Nur Mut oder Frau Proust lebt jetzt in Amerika

Eine Glosse

von Andreas Steffens

Foto © Zbigniew Pluszynski
Nur Mut oder
Frau Proust lebt jetzt in Amerika
 


„Auf der Suche nach der verlorenen Zeit“  Das schönste von einer Frau geschriebene Buch. Es unterhält den Leser mit einer langen, bezaubernden Klatschgeschichte. Einer Klatschgeschichte, die große Dichtung geworden ist."

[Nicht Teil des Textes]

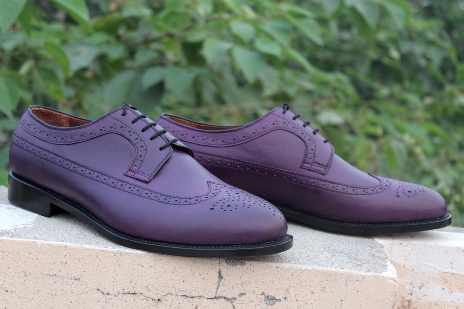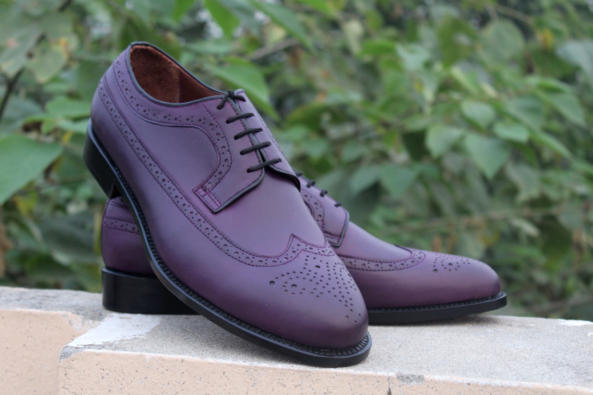 Inner: Soft Leather Sole: Leather Gender : Male Heel: Leather Color: Purple Style: Wingtip Dress Shoes Lining Soft Calf Leather Lining Totally Hand stitched Manufacturing time 7-10 business days If you can’t find your Size/Colorjust send us message we will make for you.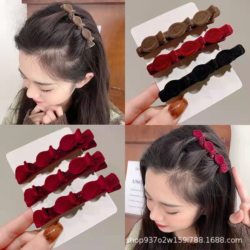 植毛編みヘアクリップ側の前髪の木目が砕けて髪を整理します。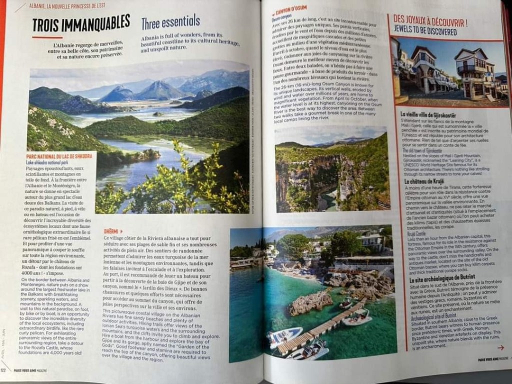 Kështu shkruhet në revistën PARIS VOUS AIME, që shpërndahet për turistët e huaj në dy aeroportet franceze, Paris-Charles de Gaulle and Paris-Orly, ku promovohet edhe vendi ynë.

Diese achtungsvolle Respektlosigkeit notierte der wundersame Umberto Saba kurz nach Kriegsende während eines Rom- Aufenthaltes im Frühjahr 1945.
Damals war Marcel Proust in der europäischen Literatur noch ein Gerücht, und es brauchte noch gute zehn Jahre bis zur ersten vollständigen deutschen Übersetzung der >Recherche<. Seitdem ist er, vor allem dank des Kinos, zum Weltklassiker geworden.
So sehr, daß man nicht mehr wirklich wissen muß, um wen es sich handelt.
Gemeinsame Erinnerungen sind manchmal die besten Friedensstifter. Ein schöner Satz, und wer wollte bestreiten, daß es ihn in der umfangreichsten literarischen Meditation, die je über das Erinnern unternommen wurde, zu lesen gibt.
Woher auch immer genommen, die Redaktion des „Wochenend-Magazins“ einer der in Deutschland ebenso flächendeckend wie gehaltlos verbreiteten Tageszeitungs-Simulationen rückte den Satz in dessen Rubrik „Sprüche“, versehen mit dem Autor-Namen Marcel Proust. Auf dessen Bekanntheit mochte man, bei aller Berühmtheit, aber doch nicht ganz vertrauen, und setzte den Hinweis hinzu: amerik. Schriftsteller.
Mit der erlangten Berühmtheit setzt sogleich Verkennung der wahren Person ein, was sich bis zu absurden Verwechslungen steigern kann und man übersieht, daß es sich beim Verfasser der >Recherche< tatsächlich um eine Frau handelt, und diese durchaus nicht französischer sondern amerikanischer Nationalität ist. Die Strafe für Berühmtheit ist eben zuletzt die Unbekanntheit dessen, dem sie widerfährt.
Bei der allgemeinen Gutgläubigkeit haben es Richtigstellungen natürlich ungeheuer schwer. Da ist es nur zu bewundern, wenn sie bei aller Aussichtslosigkeit auf allgemeines Durchdringen doch immer wieder einmal unternommen werden. Man kann jedoch nicht alles wissen, auch nicht alle Korrekturen an den verbreitetsten Fehlinformationen. Man muß sie sich hier und da zusammensuchen. Das kann dann zu überraschendsten Kombinationen führen. Aber Wahrheiten haben es so an sich, daß sie eher befremden als erfreuen.
So gesehen,  ist es gut zu wissen, daß Frau Proust nun in Amerika lebt.
Oder gelebt hat? Das müßte einmal geklärt werden.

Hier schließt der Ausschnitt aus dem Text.